My work has got several colleagues at my level, who are all a similar age to me, but still pre-kids in their party girl phase.
I have had 2 mat leaves, which weren't straightforward (got one DC with us still.
Have been told that 'cos of this, there isn't likely to be a promotion for me there ever (I asked at a meeting what the career progression for me would be like). It had been hinted at when I joined that I would be at the top of the company after a few years, but they said the situation has changed cos of what happened to me.
I suspect it will go to my party girl colleagues.
I'm actually reeling from this as I had imagined a future at this place.
The trust between us has gone as I think they have gone back on what they said, though I do understand that people show a lack of integrity when it comes to business matters and they are just being business-like.
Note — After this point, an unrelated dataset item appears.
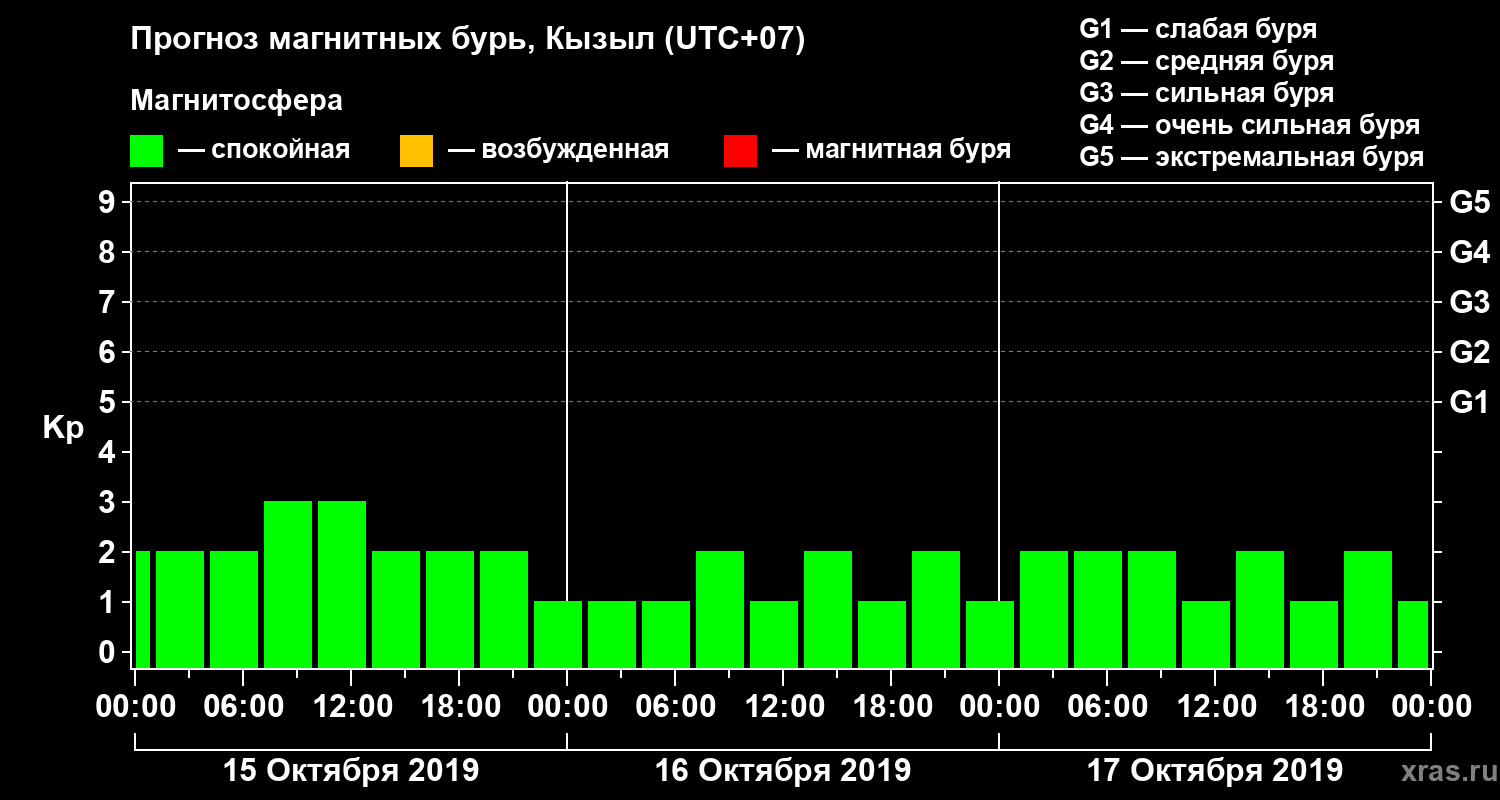Прогноз магнитных бурь в Кызыле — 15 октября 2019 года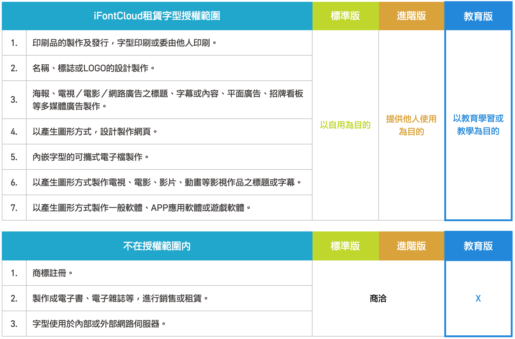 2. 一般票券:內容包含講座以及可全額折抵iFontCloud 文鼎雲字庫購買字體使用。

There's not a lot else in my field at the moment and not part-time.
But I resent working there now, it's like there is nothing to aim for.
I guess I just need to find something else family friendly and be glad I have got 2 mat leaves and a whole lot of experience from it.
Motherhood took a long time to come for me, and has changed everything. Being a mum is hard graft - in fact that is why I was so glad to be back at work in the first place (oh to finish a cup of tea!) but now I miss my boy the days I am not with him. The lack of direction at work makes it feel even more futile.
We need the money at bit, but could manage. On the other hand if I gave up would I get back in?
How do you reassess your ambitions once you have a child? I really need some help in working this one out.
I think the major problem is that the colleagues are people without kids. So a)I have no-one who can empathise with my situation and b) they are seen as people who more work can be got out of and maybe c)they are both people who really want kids but not found the right person yet.
Well feel better for typing that out. I just don't know how to re-evaluate what I want out of my career now I have had a child.